Let \(Y\) be the binary response, \(A\) binary exposure, and \(V\) a vector of covariates, then the target parameter is
\begin{align*} &\mathrm{RR}(v) = \frac{\pr(Y=1\mid A=1, V=v)}{\pr(Y=1\mid A=0, V=v)}. \end{align*}
Let \(p_a(V) = \pr(Y \mid A=a, V), a\in\{0,1\}\), the idea is then to posit a linear model for \[ \theta(v) = \log \big(RR(v)\big) \] and a nuisance model for the odds-product \[ \phi(v) = \log\left(\frac{p_{0}(v)p_{1}(v)}{(1-p_{0}(v))(1-p_{1}(v))}\right) \] noting that these two parameters are variation independent which can be from the below L’Abbé plot.

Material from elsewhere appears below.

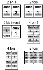Combinaison | Non, 2 en 1, 2 en 1 (Invers.), 4 en 1, 4 en 1 (Invers.), 6 en 1, 6 en 1 (Invers.), 8 en 1, 8 en 1 (Invers.), 9 en 1, 9 en 1 (Invers.), 16 en 1, 16 en 1 (Invers.) | Combinaison de plusieurs pages sur une feuille de papier pour l'impression. |
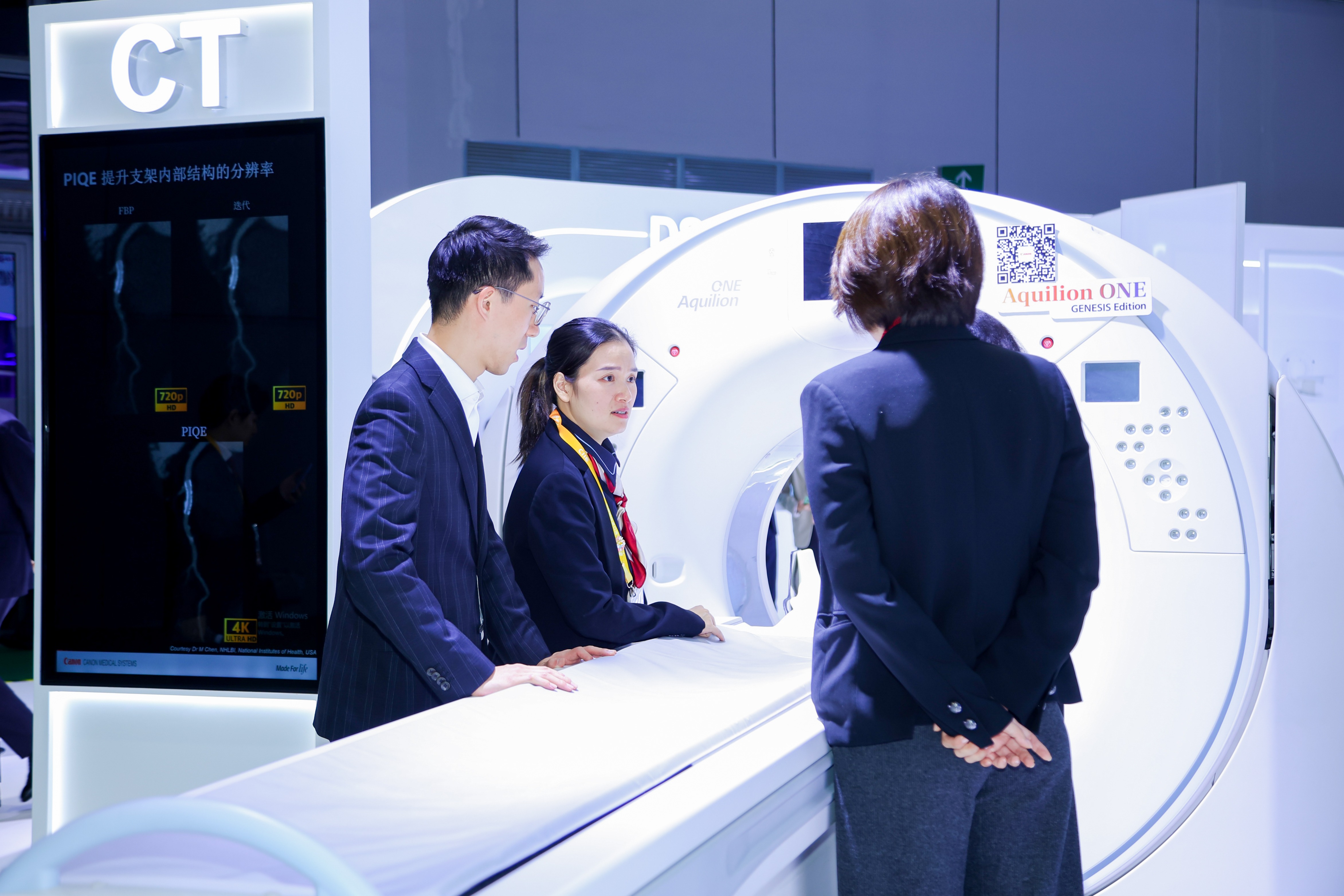 如今,人工智能(AI)技术正在加速推动医疗产品的革新与发展。在佳能擅长的影像技术方面,AI同样实现了加速赋能。搭载新研发的高清AI图像引擎PIQE的新一代高清CT作为中国首展产品,打破了传统CT成像的瓶颈,将心脏成像带入了“4K”时代,为心脑血管疾病的精准诊断带来了重大进展。同时,高信噪AI图像引擎打破了“低辐射”和“高画质”之间的折衷关系,将传统CT胸部平扫的辐射剂量降低约95%,降至50微西弗,约等于乘坐从上海飞往纽约的航班所受到的大自然本体辐射水平,实现了CT超低剂量成像的一次重大飞跃。

Similarly, a model can be constructed for the risk-difference on the following scale \[\theta(v) = \mathrm{arctanh} \big(RD(v)\big).\]

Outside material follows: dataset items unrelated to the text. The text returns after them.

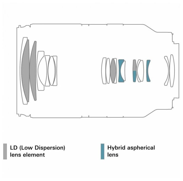 | Конструкция объектива | 19 элементов в 15 группах (3 асферических, 4 с низкой дисперсией LD) |
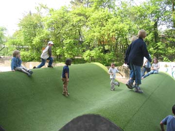 Welle: Ein mulitfunktionales Spielelement mit hoher Attraktivität. Ob alleine oder in der Gruppe, alles ist in Bewegung. Ausbaufähig mit Tunnel. Konstruktion wetterfest und verschleißfrei durch Kunststoffrasen.
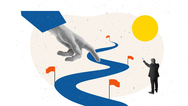 Bold composition of giant hand pointing business direction toward rising path. Concept of strategic guidance, consulting services, corporate planning, and decision facilitation.
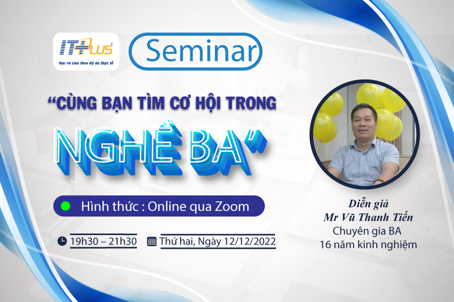 Nhằm tìm hiểu rõ hơn về Nghề BA (Business Analyst), mang đến một cái nhìn tổng quan về nghề, con đường để trở thành một BA chuyên nghiệp.... Viện Công nghệ thông tin ITPlus phối hợp cùng Công ty cổ phẩn iBPO tổ chức buổi hội thảo với chủ đề: "Cùng bạn đi tìm cơ hội trong Nghề BA" với sự góp mặt của diễn giả:
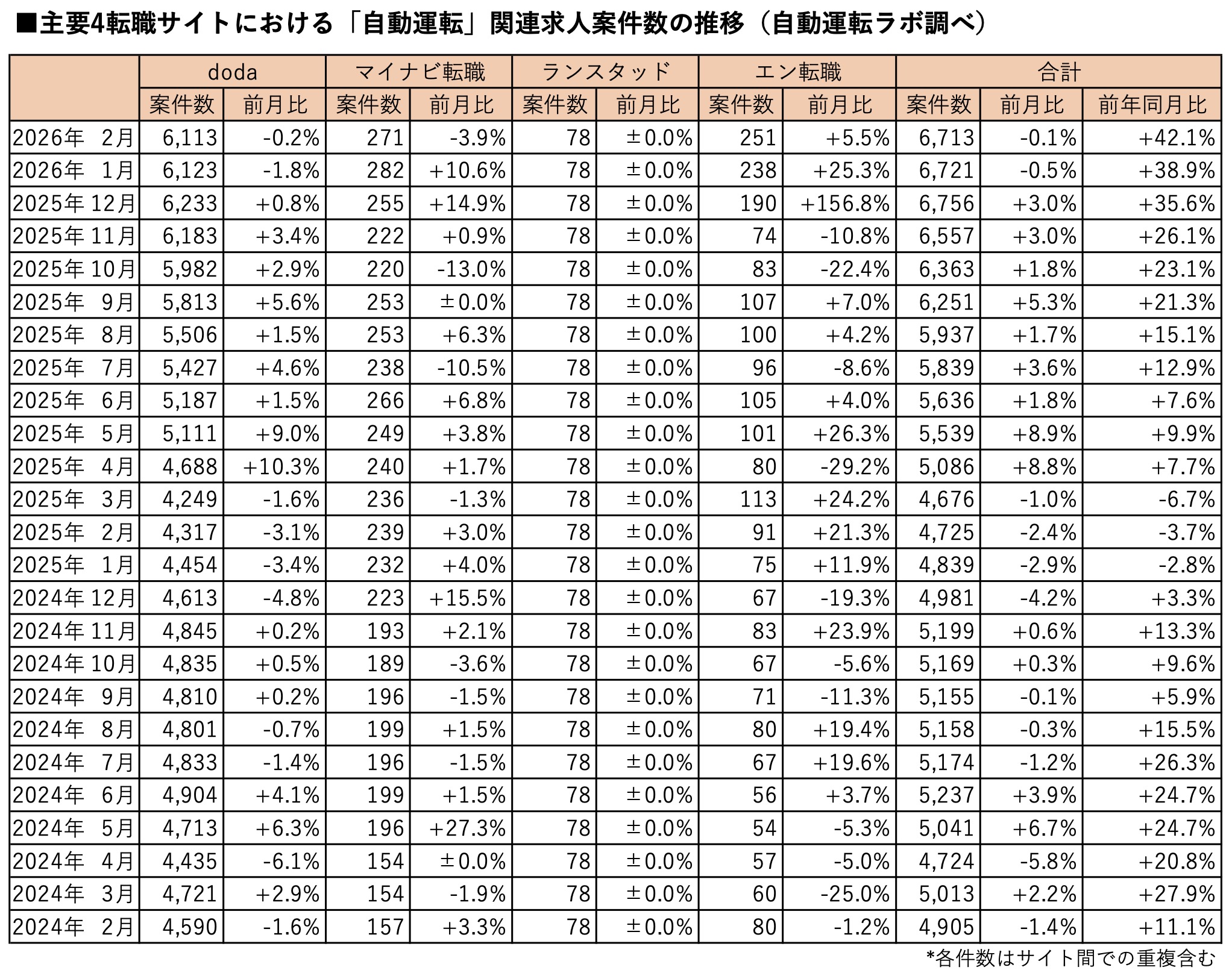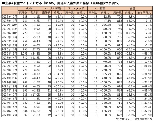 株式会社ストロボ(以下、当社/東京都港区 代表取締役 下山哲平)が運営する日本唯一の自動運転専門ニュースメディア『自動運転ラボ』(https://jidounten-lab.com)は、日本国内における自動運転・MaaS関連求人案件数の最新調査(2026年2月末時点)をまとめましたので、結果を発表いたします。
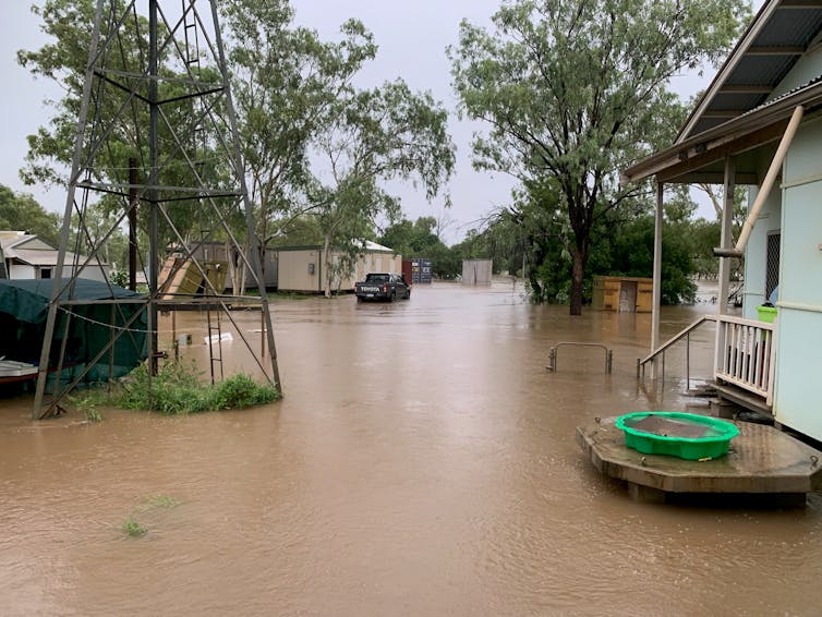 Rising floodwaters in Darlngunaya, a community near Fitzroy Crossing, WA.

p0 <- seq(0,1,length.out=100)
p1 <- function(p0,op) 1/(1+(op*(1-p0)/p0)^-1)
plot(0, type="n", xlim=c(0,1), ylim=c(0,1),
xlab="P(Y=1|A=0)", ylab="P(Y=1|A=1)", main="Constant odds product")
for (op in exp(seq(-6,6,by=.25))) lines(p0,p1(p0,op), col="lightblue")
logrr <- 0.25; abline(a=0, b=exp(logrr), col=1, lty=2) # Add line \(\log(\mathrm{RR})=0.25\)
The model can be specified in
R with
lava
using the following syntax
library("lava")
m <- lvm(a ~ x+z,
logrr ~ 1,
nuisance ~ x + z)
m <- binomial.rr(m, y ~ a | logrr | nuisance)
## Alternative syntax:
## binomial.rr(m, response="y", exposure="a", target.model="logrr", nuisance.model="nuisance")
m
Binomial regression (exposure | relative-risk | odds-product) :
y ~ a | logrr | nuisance
Latent Variable Model
a ~ x+z binomial(logit)
logrr ~ 1 deterministic
nuisance ~ x+z deterministic
Exogenous variables:
x gaussian
z gaussian
We can then simulate from the model
d <- lava::sim(m, n=5e4, seed=1, p=c(logrr=1))
head(d)
a x z logrr nuisance y
1 1 -0.6264538 0.5258908 1 -0.10056299 1
2 0 0.1836433 -0.4875444 1 -0.30390103 0
3 0 -0.8356286 1.1382508 1 0.30262217 1
4 1 1.5952808 1.2151344 1 2.81041518 1
5 0 0.3295078 -0.4248307 1 -0.09532293 0
6 0 -0.8204684 -1.4508403 1 -2.27130867 0
A double-robust estimator can be constructed by considering both a
model for the exposure as a function of the auxillary covariates as
well as a model for the nuisance parameter. This estimator (and other
double-robust estimators) can be applied using a newly
developed library targeted
in R (and python)
library(targeted)
riskreg(y ~ a | 1 | x+z | x+z, data=d, type="rr")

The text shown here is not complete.